Acıdılar da yarım düzine attılar

Üçüncü kalite futbolcularla gideceğin Antep, yiyeceğin pekmez. Biz hâlâ hakem eleştirileriyle ömür tüketmeye devam edelim.

REAL MADRİD: 6 GALATASARAY: 0

Dilimde tüy, printerım'ın kartuşunda mürekkep bitti ama bir kez daha söyleyeceğim:

Rakipten adam eksiltmeden sonuca gidemezsiiin...

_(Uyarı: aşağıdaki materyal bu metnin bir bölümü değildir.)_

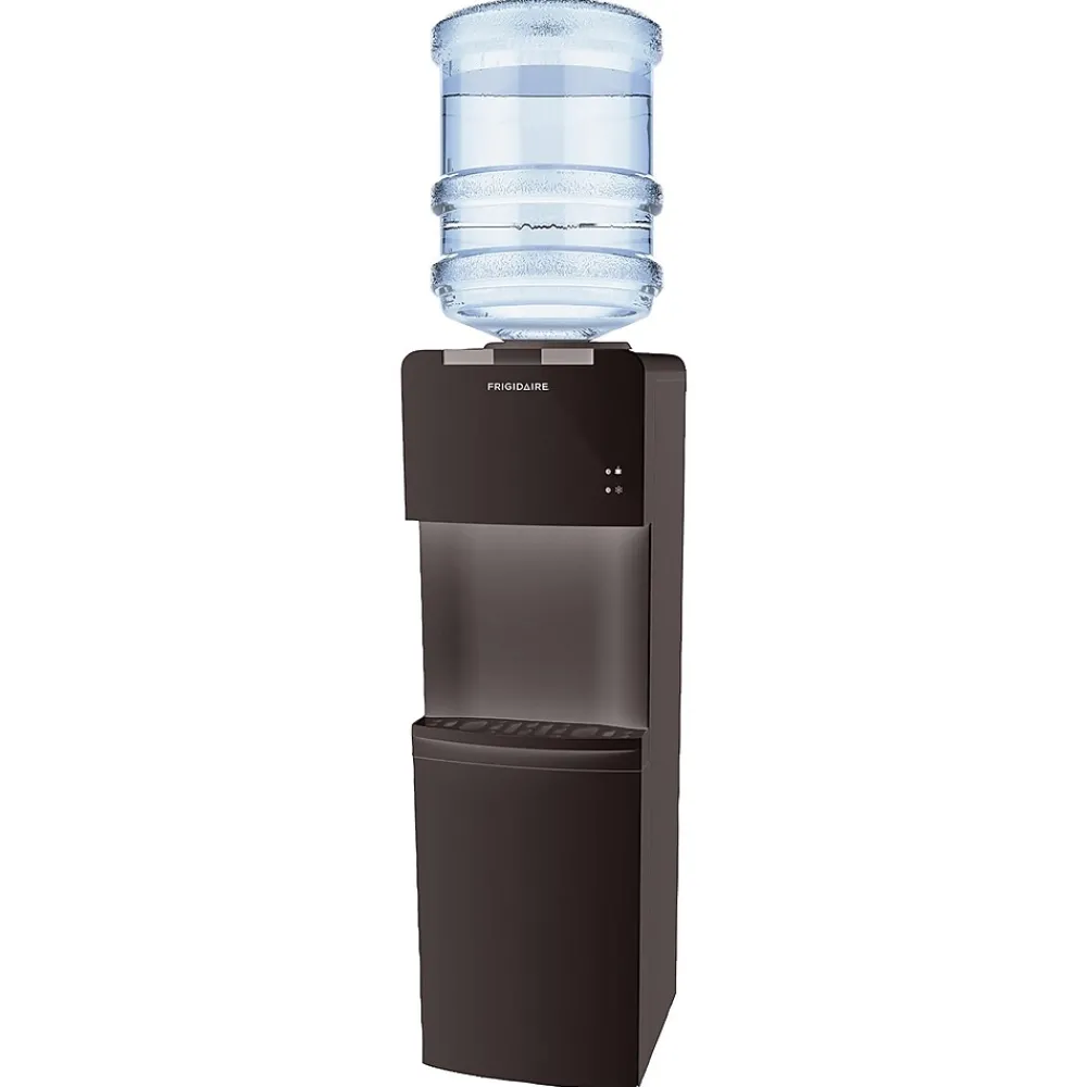 Make sure you drink enough water! This Black Frigidaire water cooler dispenses both cold and hot water and can hold the contents of 3 or 5 gallon bottles. With 100 watts of cooling power and 420 watts of heating power, your water will always be at just the right temperature. Don’t rely on a thermo-electric cooled unit—this water cooler is powered by a robust compressor cooler, making sure your water is always nice and cold. There is also an indicator displaying, cooling, heating and power activity. With its clean look, this water cooler would fit in any kitchen, office, or dorm.

Bunu Galatasaray'da en iyi yapacak adam kim?

Emre, değil mi?

E nerede?..

Haaa, Real Madrid'i bu maçta yenmeye yeter miydi?

Yetmezdi.

Ama ne olurdu?

Daha heyecanlı bir maç izlerdik...

***

Bunun en canlı örneği dördüncü golde görüldü. Üç farkla yenik olan takım atağa kalkacakken geri pas verilir mi? Hele bunu bile beceremiyorsan, yersin tabii...

Neyse, bunun bir de ikinci yarısı var. Elin adamı dört atarsa, biz neden beş atmayalım?

Tevekkel taal Allah...

***

Bu Zeynettin de ne vicdansız adammış kardeşim.

Yahu dört atmışsın; hâlâ ne demeye pres yaptırıyorsun adamlarına? Oynamaktan helak oldu çocuklar. Yazıktır, günahtır kardeşim...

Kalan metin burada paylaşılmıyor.